A Norwich couple are celebrating 14 years since becoming a rare, non-matched, kidney transplant success story.

A special process, where antibodies are “washed” before and after transplant “tricks” the body into thinking the new kidney is a match.

It meant Chris was able to give the gift of life to her husband Ian.

The pair are passionate supporters of research to make life better for patients and have raised more than £23,000 for Kidney Research UK through football competitions. They also regularly raise eyebrows when they tell people about their kidney donor story.

Ian Whittington
Ian Whittington and his wife Chris

Football fan Ian Whittington and his wife Chris (Watford and Arsenal fans respectively) have welcomed the establishment of the Andy Cole Fund and say they are both delighted that Andy, a top international striker, has raised the profile of both the illness and the charity by speaking so honestly about the nightmare of the disease and the impact on both him and his family.

Dialysis is a pig

Ian, 60, said: “People don’t understand the impact on your physical and mental health. Seeing Andy Cole speak so honestly is much needed as most people have no clue how bad it is. Andy was a terrific player in his time: intelligent, calm, a damn good striker. The way he is handling the disease and helping others now is truly admirable.”

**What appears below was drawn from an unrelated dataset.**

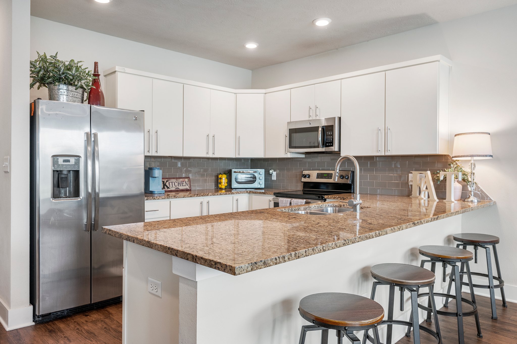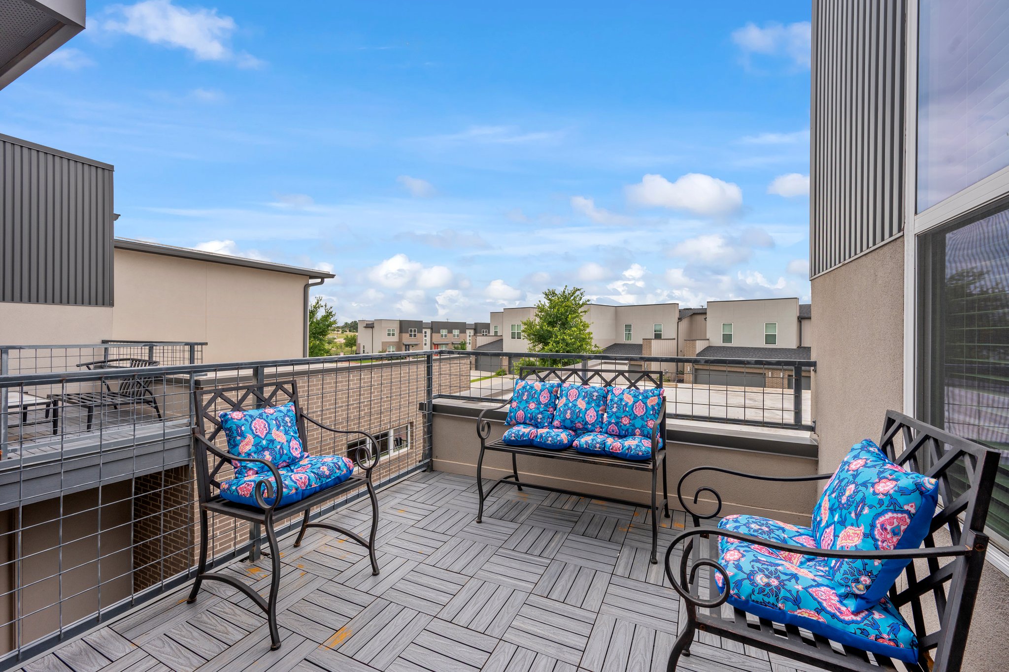 Urban style meets southern charm! This sleek and stylish home delivers a unique blend of modern design and everyday comfort — right in the heart of South College Station. Offering a cool city vibe with clean lines, thoughtful upgrades, and a layout intended for real life. Downstairs, you’ll love the wide-open living space — perfect for hosting or hanging out — plus a bonus study area off the hallway that makes a great home office or creative corner. The kitchen impresses with a stunning wraparound granite countertop, contemporary cabinetry, and plenty of prep space. Upstairs, you'll find three very spacious, light-filled bedrooms, including a dramatic primary suite with soaring ceilings and a luxurious feel. Step outside to your private upstairs terrace and soak in some fresh Texas air, which is only available with a few units! Upgrades throughout include wood vinyl flooring, tile surround in baths, wired for security system and plush carpet upstairs. Also, enjoy garage parking! But the perks don’t stop at the door — the neighborhood offers a fenced-in dog park, scenic walking trails around a pond with a tranquil water feature, and a covered, expensive patio area with built-in BBQ and seating — ideal for weekend gatherings. Just minutes to Highway 6 and all the new and exciting amenities of South College Station, this home offers style, space, and location -- all wrapped into one standout package!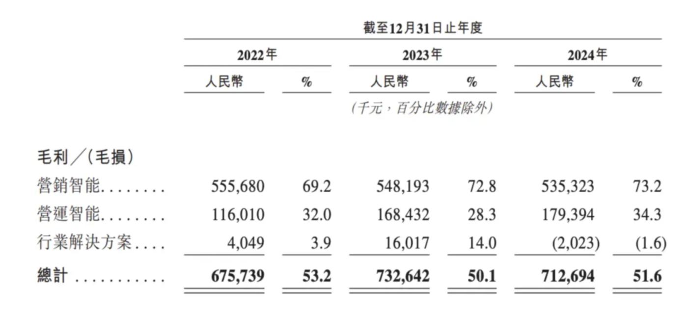 但明略科技在特定行业的经验可能相对较少,难以深入了解和满足多个行业的复杂需求和特殊要求。在商业化前期需要大量的时间和资源进行铺垫,后续同样需要进行客户维护和产品优化。或因如此,明略科技的行业解决方案表现差强人意,2022年到2024年,行业解决方案分别贡献了404.9万元、1601.7万元和-202.3万元的毛利。

Ian and Chris were only the twelfth couple to have pioneering non-matched transplant surgery under the care of consultant David Taube, now retired, at the Hammersmith Hospital in London in 2006.

“For over a year leading up to surgery I had dialysis and it was a pig,” Ian said. “Dialysis keeps you alive but between sessions you slowly feel poisoned as the toxins rise again.  Having dialysis on the ‘twilight shift’ then going to work next day, three times a week was tough.”

Ian’s difficult health journey did not end with dialysis. He developed a very rare tumour in what remained of his fistula and three weeks after it was first diagnosed, his right arm was amputated to save his life.

“Losing my arm was a shock, it was three weeks from start to finish. In fact, the whole kidney diagnosis has been quite a journey and it has been a tough ride.”

Ian and Chris Whittington

The dream is no more kidney disease

Ian was working in the public sector, living in Harrow, when he was diagnosed with renal failure in the late 1990s.

Initially thought to be an autoimmune disease, a biopsy found he had a condition like Alport syndrome as well as a low blood platelet count.

One of his brothers has Epsteins syndrome and has had two kidney transplants. The eldest brother has a low platelet count but no kidney disease, which points to their condition being genetic.

His three children have been tested but they show no signs of kidney disease.

Meanwhile he and Chris are determined to help support research to make things better for kidney patients in the future.

“The dream is no more kidney disease – but that is utopia. The second hope is for dialysis to work more efficiently, be much quicker so that the impact on the life of the patient and their family is significantly reduced and to cost the NHS less – it currently costs around £30k a year per person.

Football unites people

“I would love for transplantation to be second nature, so nobody has to endure dialysis.”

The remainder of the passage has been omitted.